Translated TOFU benchmarks have enabled rigorous evaluation of multilingual, cross-modal, and cross-lingual systems:

• Robust Cross-Lingual Evaluation: Benchmarks spanning multiple languages/scripts reveal nontrivial challenges in generalization, targeted forgetting, and cultural adaptation, informing both modeling and data collection strategies (Lizzo et al., 10 Jan 2026).
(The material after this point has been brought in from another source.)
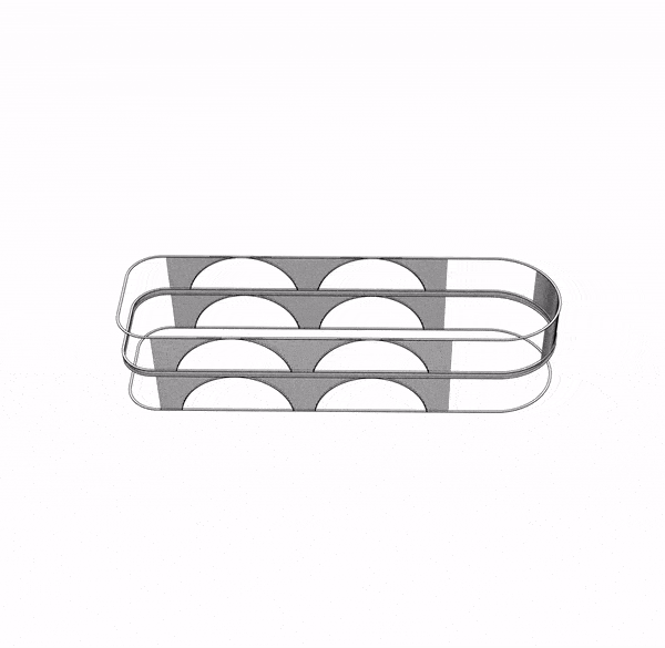 At the heart of the store, a large stainless steel lozenge structure punctuated by arches mirrors the LOR’s scale and serves as a visual anchor. Overhead, an XL digital screen floats above the escalator void, acting as a digital sky.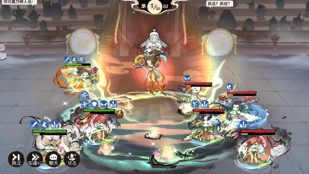 如果没有提前触发狡黠,即按照大荒→狂龙→普攻→普攻(狡黠)→笔刀的顺序(如视频所示),那么第一回合内可以完成2次普攻和1次法宝,并为队友添加上医师的红命丹心(2回合内回复+复活),效果是很不错的。

• Scalable Multimodal Pretraining: Machine-translated multimodal corpora (TD-MML) demonstrably outperform solely English pretraining or limited few-shot augmentation, especially in zero-shot transfer settings (Qiu et al., 2022).
• Token Efficiency for Visual Benchmarks: Benchmark-driven innovation in token reduction enables practical scaling of LMMs to multi-image tasks (Pippi et al., 6 Mar 2025).
• Model Development Guidance: The limitations exposed—translation fidelity, replication fragility, domain adaptation—shape future directions for multilingual benchmark design and model assessment (Dandamudi et al., 2024, Plaza et al., 2024).

This suggests ongoing research must integrate automated translation, expert review, error-driven sampling, and community-driven revision to advance benchmark fidelity, coverage, and impact.